- [Task directions]:
In this exercise, print only the lines of the records below from the one with "教工组比赛中,蔺媛以《严明党" through the one with "BEAUTIFUL DECOR. Tipi", inclusive. Pictures are not part of the copy.

- [Source records]:
- - -

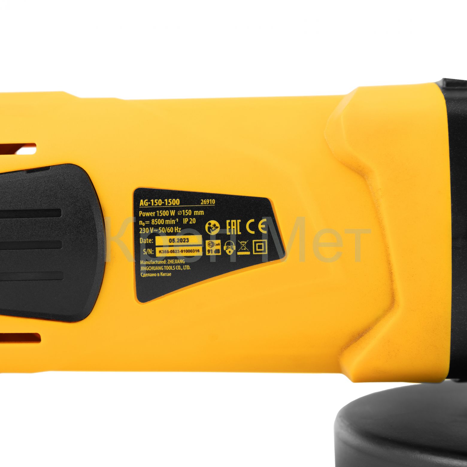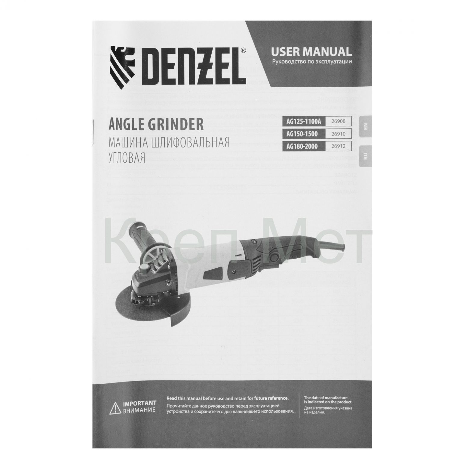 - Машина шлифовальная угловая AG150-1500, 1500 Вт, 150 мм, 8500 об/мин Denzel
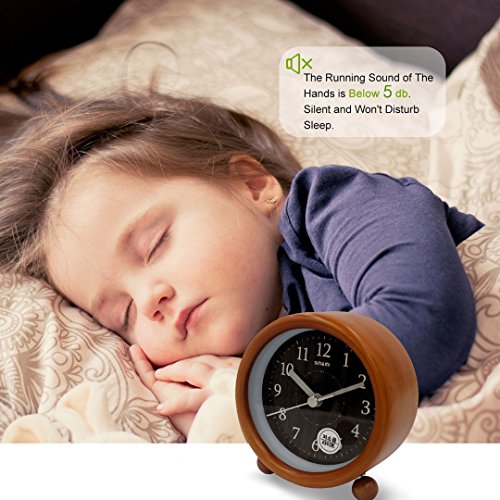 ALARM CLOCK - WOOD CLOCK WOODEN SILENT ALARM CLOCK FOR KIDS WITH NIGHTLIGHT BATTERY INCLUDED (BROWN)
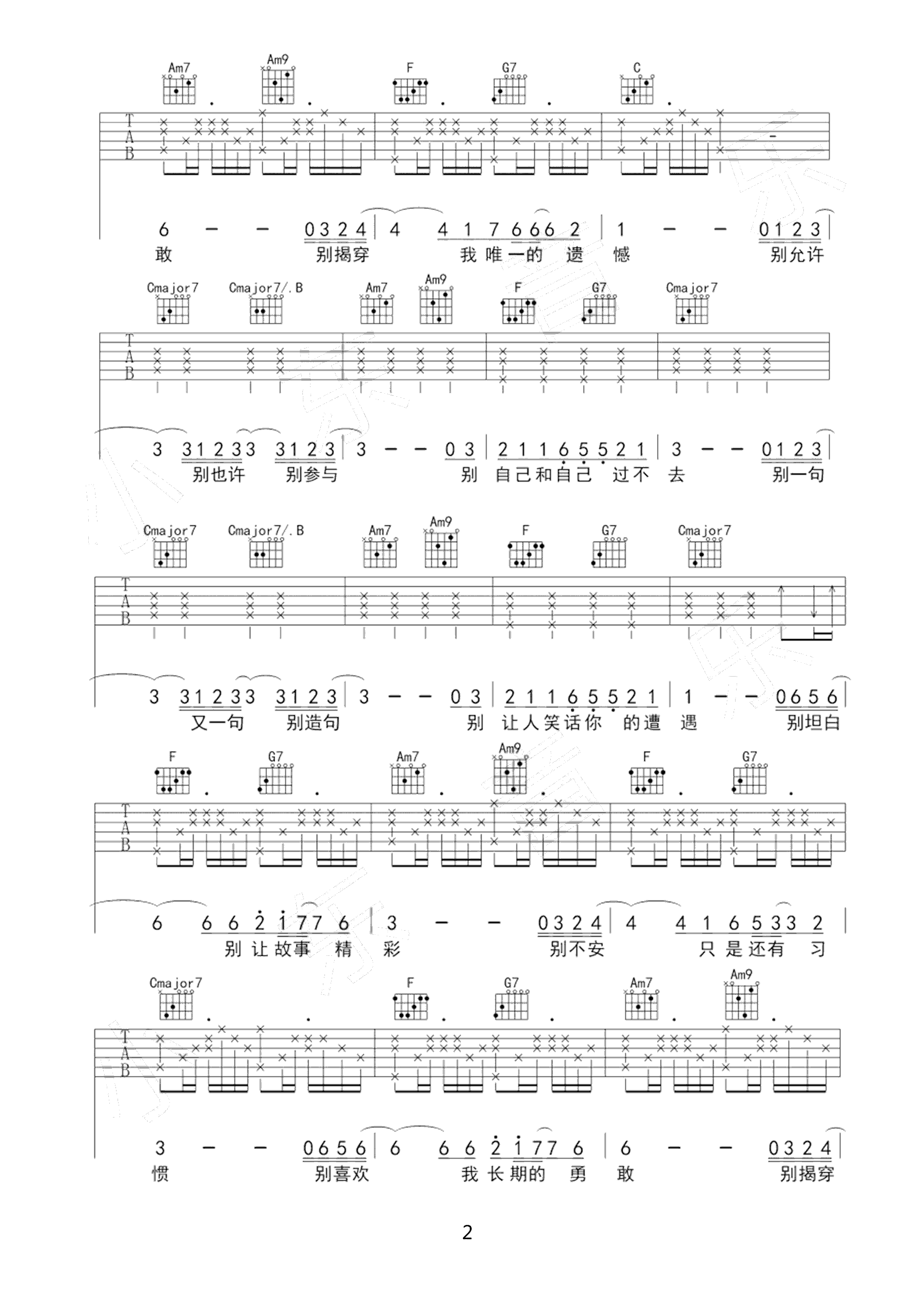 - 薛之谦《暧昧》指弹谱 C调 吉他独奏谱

- - -

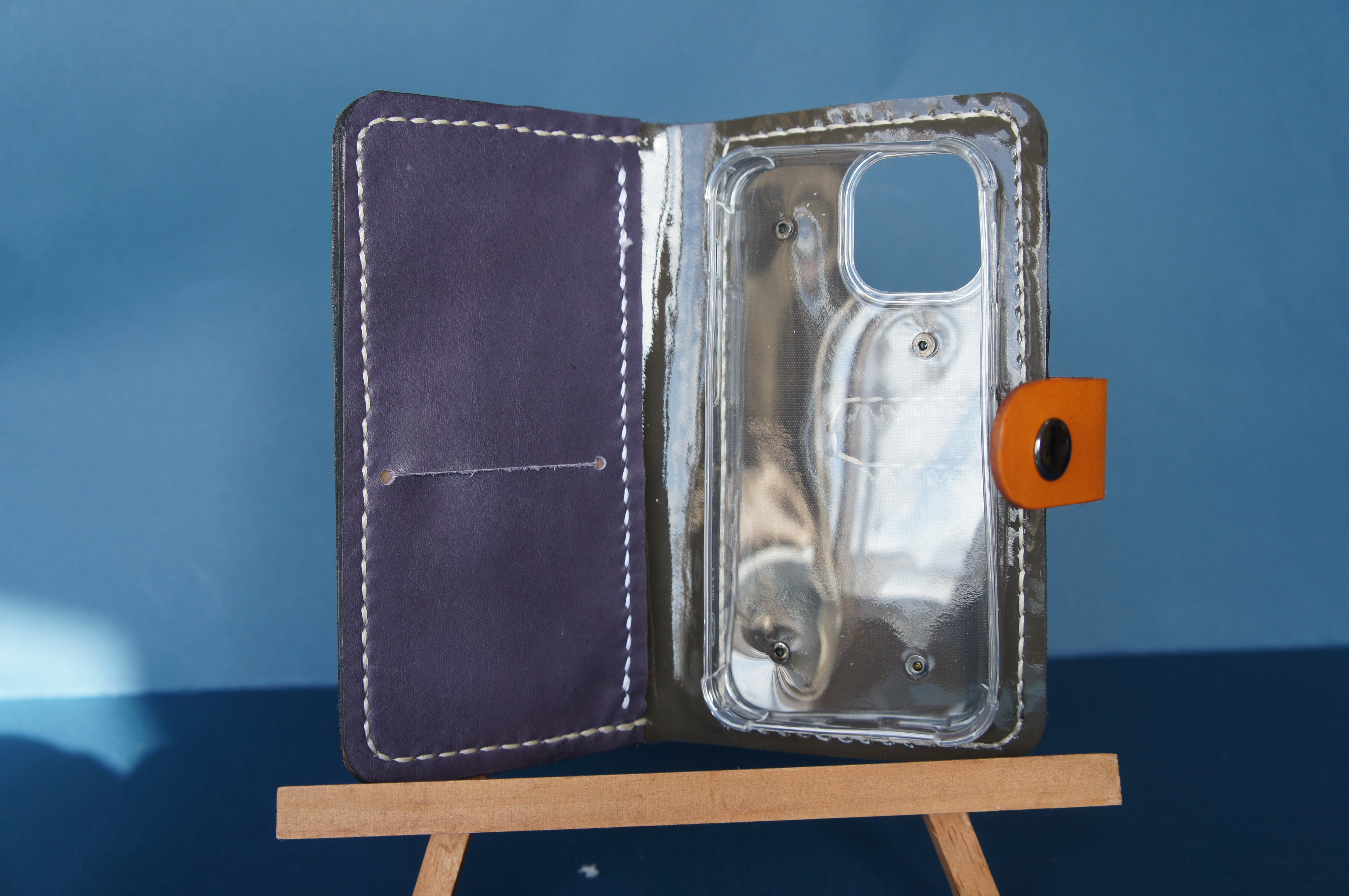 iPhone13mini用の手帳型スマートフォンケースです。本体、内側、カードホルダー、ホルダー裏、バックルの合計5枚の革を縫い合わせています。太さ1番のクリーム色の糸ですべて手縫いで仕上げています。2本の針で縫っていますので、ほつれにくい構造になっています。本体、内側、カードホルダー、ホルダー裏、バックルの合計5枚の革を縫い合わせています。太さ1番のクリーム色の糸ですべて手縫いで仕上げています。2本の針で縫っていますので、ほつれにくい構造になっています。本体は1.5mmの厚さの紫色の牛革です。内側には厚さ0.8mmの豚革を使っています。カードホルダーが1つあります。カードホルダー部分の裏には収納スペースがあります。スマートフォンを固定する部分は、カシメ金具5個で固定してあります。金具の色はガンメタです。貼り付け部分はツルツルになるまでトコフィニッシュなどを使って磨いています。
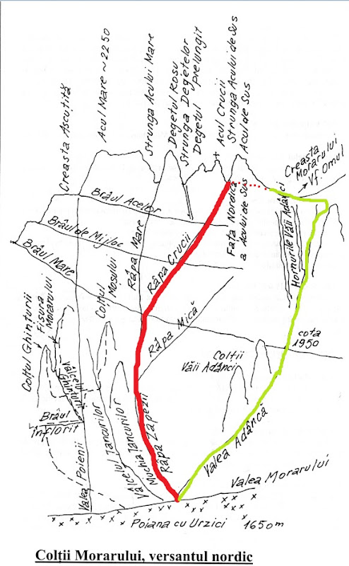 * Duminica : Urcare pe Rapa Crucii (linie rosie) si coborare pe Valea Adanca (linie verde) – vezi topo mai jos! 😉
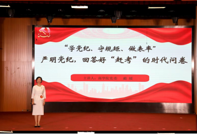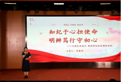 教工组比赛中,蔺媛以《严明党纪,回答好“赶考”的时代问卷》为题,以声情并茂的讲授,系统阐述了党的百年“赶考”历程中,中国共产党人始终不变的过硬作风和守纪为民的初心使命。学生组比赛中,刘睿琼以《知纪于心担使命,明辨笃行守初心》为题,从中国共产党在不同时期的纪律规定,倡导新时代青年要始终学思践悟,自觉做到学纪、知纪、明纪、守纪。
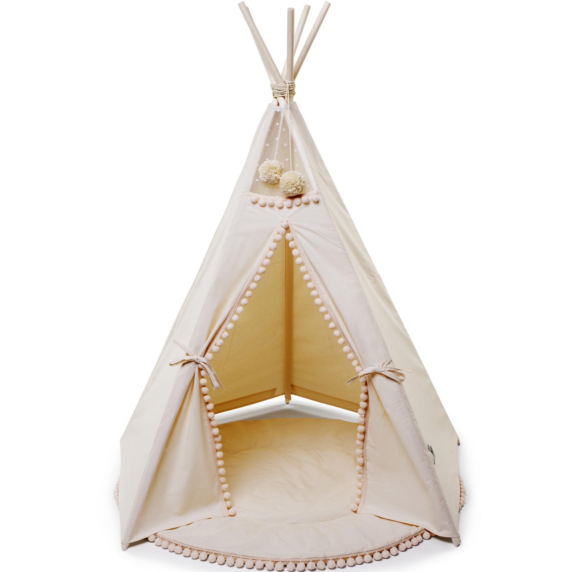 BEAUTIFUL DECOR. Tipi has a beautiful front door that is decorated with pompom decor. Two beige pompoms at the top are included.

- - -

- [Result below]:
 教工组比赛中,蔺媛以《严明党纪,回答好“赶考”的时代问卷》为题,以声情并茂的讲授,系统阐述了党的百年“赶考”历程中,中国共产党人始终不变的过硬作风和守纪为民的初心使命。学生组比赛中,刘睿琼以《知纪于心担使命,明辨笃行守初心》为题,从中国共产党在不同时期的纪律规定,倡导新时代青年要始终学思践悟,自觉做到学纪、知纪、明纪、守纪。
 BEAUTIFUL DECOR. Tipi has a beautiful front door that is decorated with pompom decor. Two beige pompoms at the top are included.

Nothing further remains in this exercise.